These listing particulars have been prepared by us and the Issuer solely for use in connection with the
proposed offering of the Notes. Citigroup Global Markets Inc. and Santander Investment Securities Inc.
will act as initial purchasers with respect to the offering of the Notes. These listing particulars do not
constitute an offer to any other person or to the public generally to subscribe for or otherwise acquire
securities. You are authorized to use these listing particulars solely for the purpose of considering the
purchase of the Notes. In making an investment decision, you should rely on your own evaluation of the
Issuer, the Company, the Loans, the Notes and the terms of the offering, including the merits and risks
involved.
In making your investment decision, you should rely only on the information contained in these listing
particulars. Neither we, the Issuer nor the Initial Purchasers have authorized anyone to provide you with
any other information. If you receive any other information, you should not rely on it as having been
authorized. You should not assume that the information contained in these listing particulars is accurate
at any date other than the date on the front cover of these listing particulars. Neither the delivery of these
listing particulars nor any sale made hereunder shall, under any circumstances, imply that the information
herein is correct as of any date subsequent to the date on the cover of these listing particulars. The Initial
Purchasers make no representation or warranty, expressed or implied, as to the accuracy or completeness
of the information contained in these listing particulars. Nothing contained in these listing particulars is,
or shall be relied upon as, a promise or representation by the Initial Purchasers. The Initial Purchasers
assume no responsibility for its accuracy or completeness and accordingly disclaim, to the fullest extent
permitted by applicable law, any and all liability whether arising in tort, contract or otherwise which they
might otherwise be found to have in respect of this document or any such statement.
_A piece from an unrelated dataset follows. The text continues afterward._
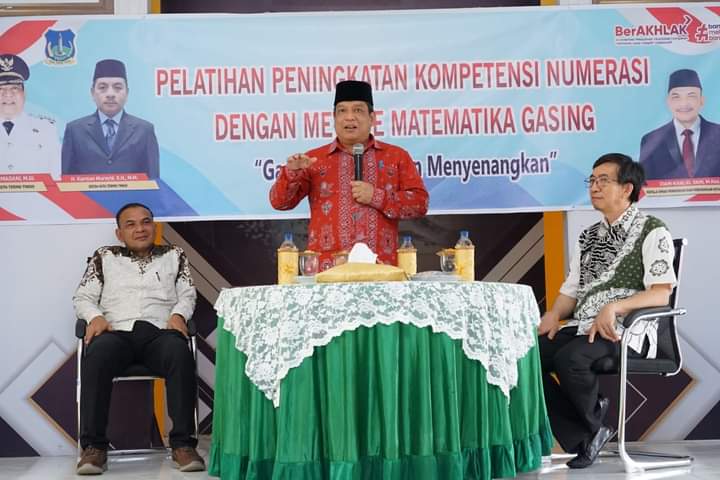 Pj Wali Kota Tebingtinggi Drs Syarmadani, didampingi Kadisdikbud Idam Khalid menghadiri acara Pelatihan Peningkatan Kompetensi Numerasi Dengan Metode Matematika Gampang, Asyik, Menyenangkan (Gasing) di ruang Laboratorium Terpadu Jalan Gunung Leuser BP7, Kecamatan Rambutan, Kota Tebingtinggi, Sabtu (24/6/2023).

Having made all reasonable inquiries, we and the Issuer confirm that the information contained in these
listing particulars with regard to us and the Issuer is true and accurate in all material respects, that the
opinions and intentions expressed in these listing particulars are honestly held, and that there are no other
facts the omission of which would make these listing particulars as a whole or any of such information or
the expression of any such opinions or intentions misleading in any material respect. We and the Issuer
accept responsibility accordingly.
The Issuer and the Initial Purchasers are offering to sell the Notes only in places where offers and sales
are permitted.
These listing particulars do not constitute an offer of, or an invitation by or on behalf of us, the Issuer, any
Initial Purchaser or the Indenture Trustee (as defined herein) to subscribe or purchase, any of the Notes in
any jurisdiction where such offer is not permitted. You must comply with all applicable laws and
regulations in force in your jurisdiction and you must obtain any consent, approval or permission required
by you for the purchase, offer or sale of the Notes under the laws and regulations in force in your
jurisdiction to which you are subject or in which you make such purchase, offer or sale and neither we,
the Issuer nor the Initial Purchasers will have any responsibility therefor.
iv






Citibank, N.A., in each of its capacities (including but not limited to Indenture Trustee, Registrar, Paying
Agent, Transfer Agent, Offshore Collateral Agent and Administrative Agent), has not participated in the
preparation of these listing particulars and assures no responsibility for its contents.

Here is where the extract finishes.